Differences between essential and non-essential questions

Most classrooms are filled with questions that drive engagement – they get students to respond thoughtfully, think quickly, be alert, revise learning – and maintain momentum in the proceedings of the classroom. These questions are momentary and often unrepeated. These are non-essential questions.

The following table is from Jay McTighe and Grant Wiggins’ book, The Understanding by Design Guide to Creating High-Quality Units, and highlights the differences between essential and non-essential questions –

Essential questions how-tos: Strategies for the curious classroom

Essential questions are more action than theory. They are potent when formulated well, and absolutely powerful when put in action in the classroom.

Here are some ways to bring essential questions to life in your classroom –

1. Make essential questions visually available –

Visual methods such as putting essential questions up and around the classroom (and invoking them consistently) make them constantly accessible and ensure that students are frequently thinking about them. Charts and lists on whiteboards can serve this purpose, and students can share the responsibility of recognizing and making essential questions visible in the classroom.

2. Use them for the W of WHERETO –

The acronym WHERETO is used by educators around the world while planning learning experiences in their units. It allows educators to plan keeping in mind student engagement.

When essential questions are posed at the beginning of a unit, they can become a way of signalling to students where the unit is going to take them, and can supplement the ‘W’ of WHERETO. For example, discussing the question ‘What can we learn from the past?’ at the beginning of a unit would signal that the past experiences cited in the unit would be looked at from the lens of the lessons they carry. The discussion could then bring to the fore ideas that would be used to make important connections later.

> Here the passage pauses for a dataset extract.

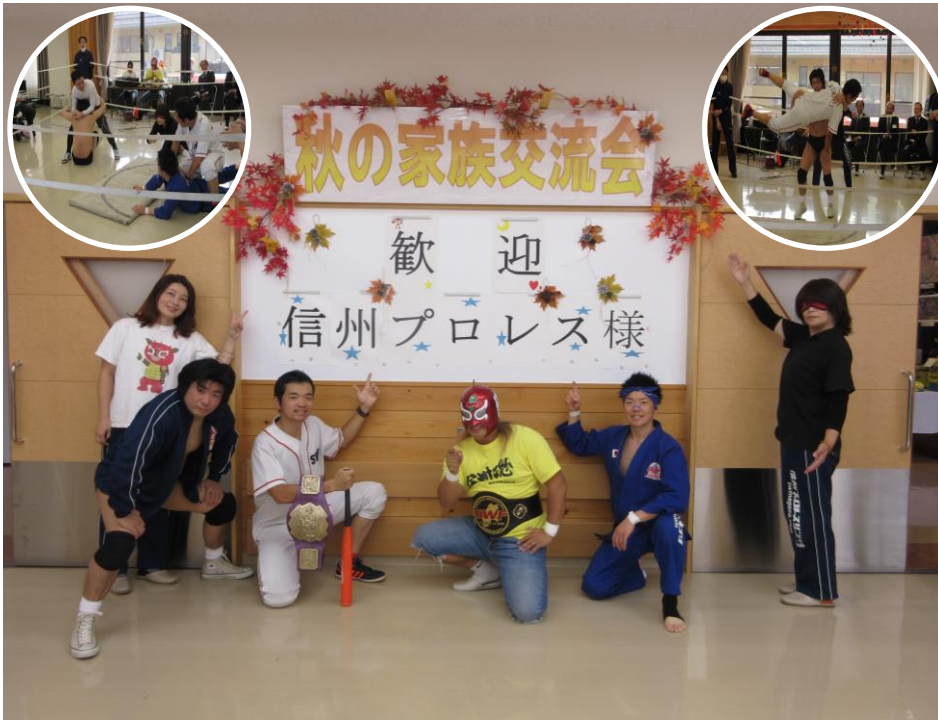
今年の秋の交流会は信州プロレスの皆さんに来ていただきました。

3. Answer student responses with questions

This is a method that many teachers swear by, where teachers respond to student responses during a discussion on an essential question with questions that gently lead them in one direction. For example, the following question from a student – ‘why should we study stories from time periods that don’t even relate to us?’ could be responded to with the question ‘what message would you want to pass on to people who live 5 (or 50, 100, or 200) years from now?’ This would probe the student to think about messages that seem important and why anybody would want to pass on what they think is important or interesting. Students are therefore led to construct meaning rather than receive it.

4. Use them as creative writing prompts and group discussion topics

Embedding essential questions within various aspects of classroom activities – such as journal, blog or essay prompts, group discussions, or as assignment questions – ensures deep engagement. The writing work from these prompts can be extended to allow for cross-pollination of ideas and animated discussion, by dividing students into groups or pairs and having them discuss each others’ answers to the essential questions. Debates, group discussions, and socratic seminars can also revolve around essential questions.

5. Make them personal for students

Essential questions that relate ideas to students’ lives or challenge their assumptions can manifest more intense inquiry and brainstorming, as they give students a personal stake in the discussion. An example of such an essential question would be,  ‘What should I do when the text doesn’t make any sense?’, and ‘What strategies do I have for managing setbacks?’

6. Set a safe space to engage

Reminding students consistently that there is no wrong answer and that the essential question at hand is about the process, will encourage them to inquire more freely and make meaning authentically. Similarly, students can be told that they can choose to engage with certain questions and let go of others. Teachers can also create a safe space for students by modelling and working through mistakes.

7. Widening the medium for giving or seeking answers

Students can be asked to answer some essential questions in creative ways, for example by using drawings, social media, debates, songwriting or musical composition, games, and concept maps.